We begin by finding the probability that the token was originally placed in each square. To do this, we must use the fact that the probability that the token is in a given square before the move is the same as the probability that it's in that square after the move. Because Brilli picks a square to move the token to uniformly at random from the squares surrounding the original square, the token has probability $\frac{1}{5}$ to move to any of its surrounding squares, unless the original square is in column $1$ or column $100$ , in which case that probability is $\frac{1}{3}$ . Thus, it must be the case that $p_{i,j}$ is the sum of $\frac{1}{5}$ (or $\frac{1}{3}$ , in a few cases concerning the edge columns) times the probabilities that the token was originally placed in each of the surrounding squares.

For ease of writing, let $p_{1,1}=a$ and $p_{1,2}=b$ . From the observation above, we have $a = \frac{1}{3}b + \frac{1}{5}p_{2,1} + \frac{1}{5}p_{2,2}$ and $b = \frac{1}{3}a + \frac{1}{5}p_{2,1} + \frac{1}{5}p_{2,2}$ . Subtracting the second equation from the first yields $a - b = \frac{1}{3}(b-a) \to a - b = 0 \to a = b$ . This fact may have been obvious from the symmetry present in the problem, but it is good to ensure that it is, indeed, true.

We see that $p_{2,1} = \frac{1}{3}a + \frac{1}{3}b + \frac{1}{5}(p_{2,2} + p_{3,1} + p_{3,2})$ and $p_{2,2} = \frac{1}{3}a + \frac{1}{3}b + \frac{1}{5}(p_{2,1} + p_{3,1} + p_{3,2})$ . From these two equations we can show that $p_{2,1} = p_{2,2}$ . Using similar equations and manipulations, it can be easily shown that this applies to all columns. That is, $\forall{i}\in\{1,2,3,...,100\}, p_{i,1} = p_{i,2}$ .

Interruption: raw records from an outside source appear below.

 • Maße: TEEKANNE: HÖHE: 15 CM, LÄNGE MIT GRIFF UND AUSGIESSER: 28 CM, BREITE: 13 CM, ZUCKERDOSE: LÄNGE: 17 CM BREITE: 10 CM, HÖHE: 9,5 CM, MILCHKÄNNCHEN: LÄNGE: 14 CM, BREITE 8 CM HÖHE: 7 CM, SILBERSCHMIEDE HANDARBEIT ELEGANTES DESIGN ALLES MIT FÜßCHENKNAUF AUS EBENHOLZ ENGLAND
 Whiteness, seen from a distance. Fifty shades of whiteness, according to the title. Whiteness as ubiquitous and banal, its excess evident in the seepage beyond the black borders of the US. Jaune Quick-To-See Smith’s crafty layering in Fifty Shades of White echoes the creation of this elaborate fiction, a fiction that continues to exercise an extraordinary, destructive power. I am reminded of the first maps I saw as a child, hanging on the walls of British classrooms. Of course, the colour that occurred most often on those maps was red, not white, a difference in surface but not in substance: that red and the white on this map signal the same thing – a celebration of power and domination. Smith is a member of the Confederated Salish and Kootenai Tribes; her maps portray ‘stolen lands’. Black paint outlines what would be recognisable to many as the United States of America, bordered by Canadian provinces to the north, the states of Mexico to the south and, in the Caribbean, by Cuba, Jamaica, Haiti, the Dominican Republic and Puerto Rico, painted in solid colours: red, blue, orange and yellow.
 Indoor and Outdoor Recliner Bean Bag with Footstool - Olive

We now take another look at $a = \frac{1}{3}b + \frac{1}{5}p_{2,1} + \frac{1}{5}p_{2,2}$ . Using the facts from above, we turn this into $a = \frac{1}{3}a + \frac{2}{5}p_{2,1} \to p_{2,1} = \frac{5}{3}a$ . Plugging this into $p_{2,1} = \frac{1}{3}a + \frac{1}{3}b + \frac{1}{5}(p_{2,2} + p_{3,1} + p_{3,2})$ gives $\frac{5}{3}a = \frac{2}{3}a + \frac{1}{5}\cdot\frac{5}{3}a + \frac{2}{5}p_{3,1} \to p_{3,1} = \frac{5}{3}a = p_{2,1}$ . Continuing this process of using $p_{i,1}$ to find $p_{i+1,1}$ (which, we remind ourselves, is the same as $p_{i+1,2}$ ) gives us that $p_{1,1} = p_{1,2} = p_{100,1} = p_{100,2} = a$ and $p_{2,1} = p_{2,2} = p_{3,1} = p_{3,2} =...= p_{99,1} = p_{99,2} = \frac{5}{3}a$ .

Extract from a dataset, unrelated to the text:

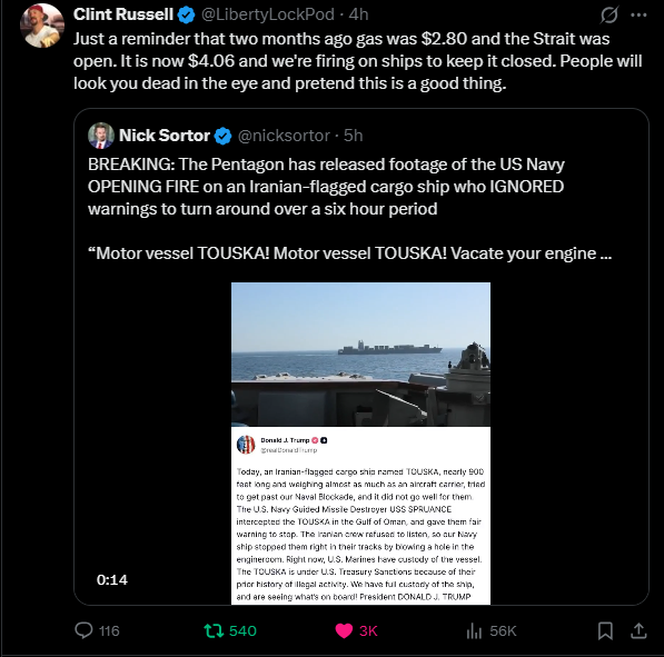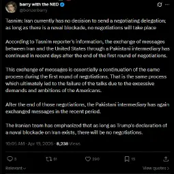 >Iranian source to Al Jazeera: In light of Trump's statements about holding negotiations & inconsistency with what is actually happening between Iran and the U.S., we believe we’re facing a deception by the enemy & we’re on the verge of a new round of escalation. Iran is making the end of the naval blockade a full condition for going to Islamabad.
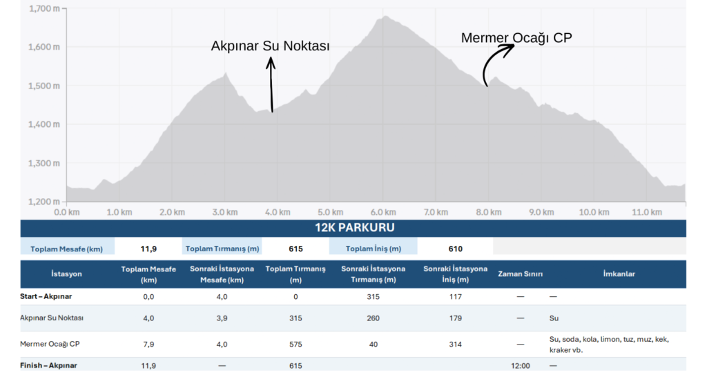 Parkur boyunca 1 adet ikmal istasyonu (CP) bulunacaktır. Hava şartlarına uygun kıyafetler giymeniz beklenmektedir; yanınızda yağmurluk/rüzgarlık bulundurmanız tavsiye edilir.

The probability that the token gets placed on any square on the board is the sum of the probabilities that the token gets placed on a certain square on the board and must, of course, be $1$ , as Brilli certainly placed the token on the board. From above, we know that there are $196$ squares which have probability $\frac{5}{3}a$ attached to them and $4$ which have probability $a$ attached to them. Thus, $196\cdot\frac{5}{3}a + 4\cdot{a} = 1 \to a = \frac{3}{992} \to \frac{5}{3}a = \frac{5}{992}$ .

We can now calculate the probability $q$ that the problem asks for. The probability that the token is placed in a square in the "good" columns (i.e., columns $5,6,...,44$ ) is $\frac{5}{992}$ for each square in those columns. If the token is originally placed in any of the columns numbered $6,7,...,43$ , it must be in one of the "good" columns after the move, as it can't move more than one column away from its original position. However, if the token is originally placed in a square in columns $5$ or $44$ , it can only move to $3$ of the $5$ surrounding squares if it wants to stay in the "good" columns. There are, of course, $76$ squares in columns $6,7,...,43$ and $4$ in column $5$ and column $44$ . Thus, $q = \frac{5}{992}(76\cdot1 + 4\cdot\frac{3}{5}) = \frac{392}{992} = \frac{49}{124}$ . Our answer is $49 + 124 = \fbox{173}$ .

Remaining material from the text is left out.